Contrary to these military experts, however, the political appointees of the Obama administration, in words nearly identical to those from both the Bush and Clinton administrations prior, maintain that landmines are a military necessity. In 2004 the State Department (under Bush) said "The Ottawa Convention would prohibit U.S. forces from employing munitions that those forces might need for carrying out their defense commitments." A fact sheet issued by the State Department then said "No other weapon exists that provides all the capabilities provided by landmines.

Under Obama, the defense of these World-War I-era weapons have continued, using similarly vague if hyperbolic language - from non-military US branches of government. In 2009, State Department spokesman Ian Kelly said "...we would not be able to meet our national defense needs nor our security commitments to our friends and allies if we signed this convention," he said.

Nobel laureate Jody Williams called Kelly's 'national defense' claims "absurd" in a December 2009 Op-Ed published widely. "Could it really be true that the U.S. would remain outside one of the most inclusive and comprehensive treaties put together in the last 50 years?" asked Jody Williams, the Nobel laureate and co-founder of the International Campaign to Ban Landmines (ICBL), in a 2009 Op-Ed in the L.A. times. "I voted for Obama.
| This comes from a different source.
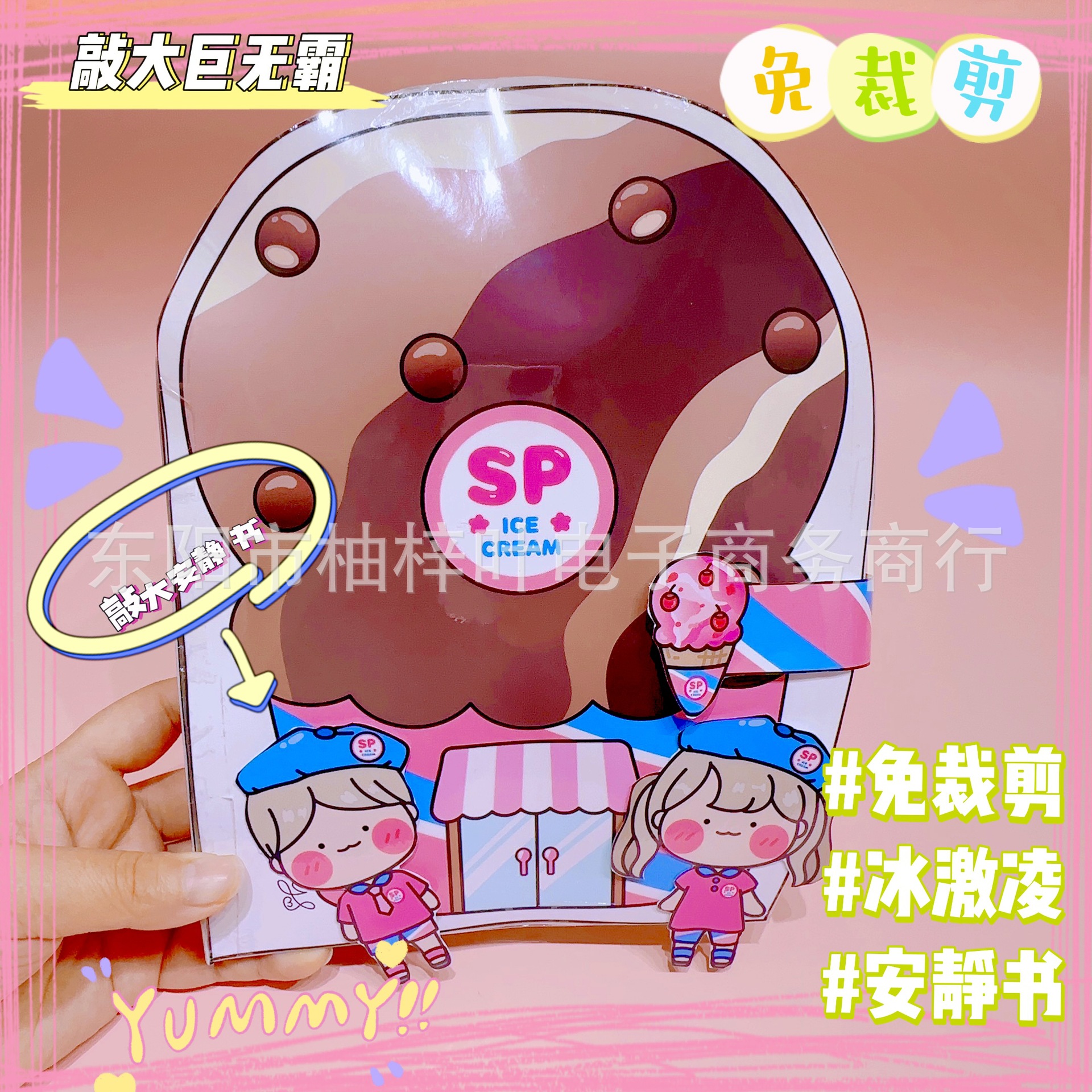 • 컷 프리 대형 조용한 책-[맛있는 아이스크림 가게] (소재 팩 포함)

I wanted to believe that his soaring rhetoric might actually be turned into a revival for the U.S. on issues of multilateralism, international humanitarian law and, of course, human rights. But at the moment, I'm quite disillusioned."

Exact figures are considered next-to-impossible to record on mine-related casualties. The Landmine and Cluster Munitions Monitor, the research and monitoring wing of the ICBL, (www.the-monitor.org) identified 3,956 casualties worldwide in 2009 due to mines, victim-activated IED's (improvised explosive devices), cluster munitions remnants, and other war-remnants in 64 nations. 70% of these casualties were civilians. Afghanistan has the highest number of such casualties.

“A never-ending review with no announced outcome is not a satisfactory
response to the innocent survivors and mine impacted communities that are waiting for the
U.S. to finally join the treaty and ban landmines once and for all", said Zach Hudson, the Coordinator of the United States Campaign to Ban Landmines (USCBL.ORG), in a March 2012 press release. "The administration needs to submit the treaty to the Senate for its consent or explain its rationale for continuing the Bush- era policy of near isolation in remaining outside the convention”.

The issue, perhaps overlooked among mainstream U.S. public, nevertheless remains a global hazard for civilians around the world. Former F.B.I. director Robert Mueller, visiting Burma, relays the following narrative: "“I asked a Burmese why women, after centuries of following their men, now walk ahead. He said there were many unexploded land mines since the war.”

Lt. General Robert G. Gard, a former commander of US troops in Korea, had this message for President Obama:

"As a commander of U.S. troops in combat in Korea and Vietnam, I did not allow my soldiers to use anti-personnel landmines because I believed them to be a net liability. As President Obama seeks to repair America's reputation abroad, advocating U.S. adherence to the mine ban treaty would be a low-cost, meaningful gesture of diplomatic goodwill with both humanitarian and practical benefits. U.S. participation would almost certainly aid efforts to universalize the treaty by increasing pressure on other hold-out nations like China and Russia." (Huffington Post, March 18, 2009).